Top 5 Jobs in Education That Are Most at Risk from AI in Indianapolis - And How to Adapt
Last Updated: August 19th 2025

Too Long; Didn't Read:
Indianapolis education roles most at risk from AI: adjunct instructors, graders/proctors, curriculum writers, academic advisors, and library support. Local pilots show admin hours can drop (prep 11→6; grading saves ~3 hrs) - adapt via prompt skills, rubric redesign, narrow pilots, and verification steps.

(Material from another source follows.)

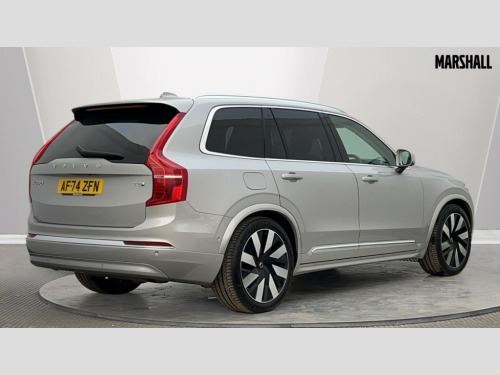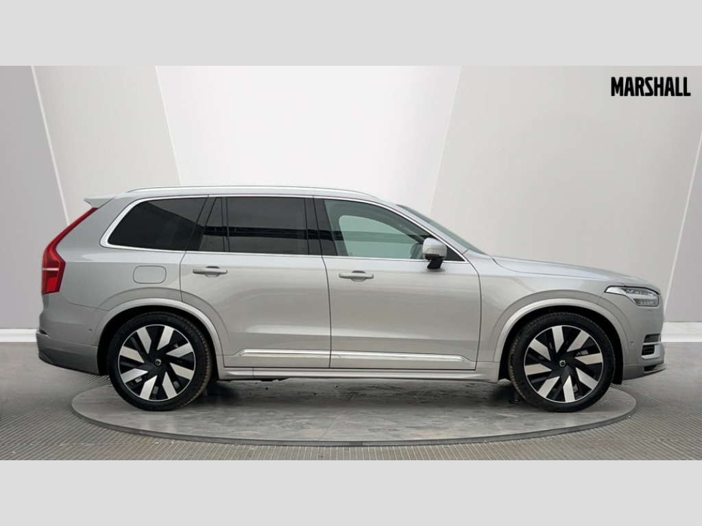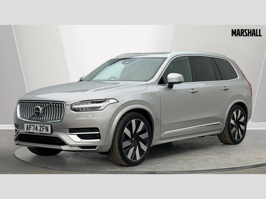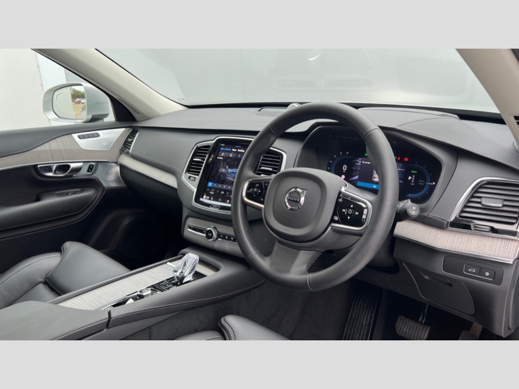 Volvo XC90 2.0 T8 PHEV Ultra Edition Dark 5dr AWD Geartronic 12.3" Progressive Driver Display, 360 degree surround view parking camera with side proximity sensors, 9" centre console portrait touch screen, Adjustable steering wheel force, Bluetooth hands free telephone connection, Drive mode settings, Driver alert control with lane keeping aid, Driver assistance (pilot assist and adaptive cruise control), Driver awareness - Blind spot information system with steer assist, cross traffic alert with autobrake and rear collision warning and mitigation, Emergency call service, Front and rear park assist, Google Automotive Services - Navigation with Voice recoginition and google assistant, Handsfree power tailgate opening and closing, Oncoming Lane Mitigation, Power operated tailgate, Service interval indicator, Speed limiter, Speed sensitive steering, Trip computer, Volvo on call, Wireless Mobile Phone Charger, 6m 3 phase 16amp Type 2 / mode 3 charge cable, 7m 10amp charge cable with 3 pin plug, 8 speed automatic transmission with start/stop + manual change functions, Active four C chassis - four corner adaptive dampers with electronic air suspension, Electric rear axle drive, Lithium-ion battery, On board charger - 6.4 kW 2 phase/3.7kW single phase, Recharging port located in nearside front wing, DAB Radio (Digital Audio Broadcasting), Low speed exterior sound speaker, Premium Sound by Bowers and Wilkins, dirac live, dolby pro logic II surround sound, 18 speakers/1400W output and fresh air subwoofer, Steering wheel remote infotainment controls, Active bending headlights with adaptive shadow technology, Adaptive brake lights with high level LED brake lights, Auto dimming interior + exterior mirrors, Auto folding and heated power door mirrors, Automatic headlight levelling system, Automatic LED Headlights + Active high beam incorporating daytime running lights, Body colour bumpers, Chrome front and rear bumper deco, Chrome lower side mouldings, Chrome window surround, Colour coordinated door mirrors, Dark tinted windows - rear side windows and rear screen, Front and rear power windows, Headlight cleaning system, Home safe and approach lighting, Integrated roof rails in silver, Matt silver front grille with chrome detailing, Power glass tilt and slide panoramic sunroof with sun curtain, Puddle lights, Rain sensor with automatic windscreen wiper activation, Rear side wing doors, Rear wash/wipe with intermittent wipe setting, Roof antenna, Roof spoiler, Visible VIN plate, 12V socket front tunnel console, rear passenger compartment and cargo area, 2 seat bench in 3rd row, 2nd Row centre armrest with and cupholders, 3 seat bench in 2nd row, 4 zone electronic climate control with Clean zone air quality system + pollen filter, A-pillar parking ticket holder, Advanced interior air cleaner PM2.5, Air conditioning for 3rd row of seats, Ambient door and instrument panel lighting, B Pillar ventilation, Bright metal luggage threshold, Centre console cupholders and storage, Floor mats, Front and rear door pocket and front cupholder illumination, Front and rear reading lights, Theatre lighting and centre armrest storage illumination, Front footwell and side step illumination, Front headrests, Front seat cushion extensions, Heated front seats, Heated rear seats, Heated steering wheel, Height/reach adjustable steering column, Illuminated front and rear tread plates, Illuminated luggage compartment, Illuminated tailgate, Illuminated vanity mirrors + ticket holder, Illumination lockable glovebox compartment, Integrated sun curtains in rear doors, Isofix outer rear child seat preparation in 2nd row, Load protection net, Luggage compartment divider with grocery bag holder, Outboard armrest with cupholder and storage for third row passengers, Power driver seat with multi directional lumbar support and memory for seat and exterior mirrors, Power folding 2nd row headrests, Power passenger seat with multi directional lumbar support and memory, Rear footwell and side step illumination, Rear headrests, Semi automatic load cover, Single front passenger seat, Underfloor luggage compartment storage, 7 three point seatbelts, City safety with steering support includes pedestrian, cyclist and large animal detection and front collision warning with full auto brake, Drivers knee airbag, Dual stage driver/passenger airbags, First aid kit, Front seats SIPS airbags, Hill descent control - off drive mode, Hill start assist, IC (Inflatable Curtains) - Full Length, Passenger airbag cut-off switch, Power child locks on rear doors, Power parking brake with auto hold function, Road sign information display, Run off Road Mitigation, Run off Road Protection, Seatbelt reminder and pretensioners for all seats, SIPS (Side Impact Protection System), Slippery road and hazard light alert, Stability and Traction Control with Spin control, Engine Drag Control and Corner Traction Control, Tyre pressure monitoring system, Vehicle deceleration control with Anti-lock Brake System, Electronic Brake Distribution and Emergency Brake Assist, Warning triangle, WHIPS whiplash protection system - front, Anti-theft alarm including immobiliser/volume sensor + level sensor, Care key with user defined top speed, Key integrated remote control central locking + fuel flap with deadlocking system and auto open/close power windows, Keyless drive includes keyless entry and keyless start, Locking wheel nuts, Private locking for glovebox and tailgate, Tailored Instrument Panel and Door Tops with Contrast Stitching, Tyre sealant kit and compressor

AI is reshaping classrooms and campus services across Indiana - from automated grading and personalized tutors to chatbots for student support - and Indianapolis districts face the same promise and pitfalls noted nationally: powerful gains in personalization and admin efficiency but real risks around privacy, bias, and academic integrity (see University of Illinois overview: AI in schools pros and cons and Panorama Education guide: generative AI in education for district leaders).
Local pilots show small tests deliver big administrative savings, while teachers need prompt-writing and assessment-design skills to keep learning meaningful - practical reskilling is available (see our Indianapolis teacher AI tool use cases and reskilling guide).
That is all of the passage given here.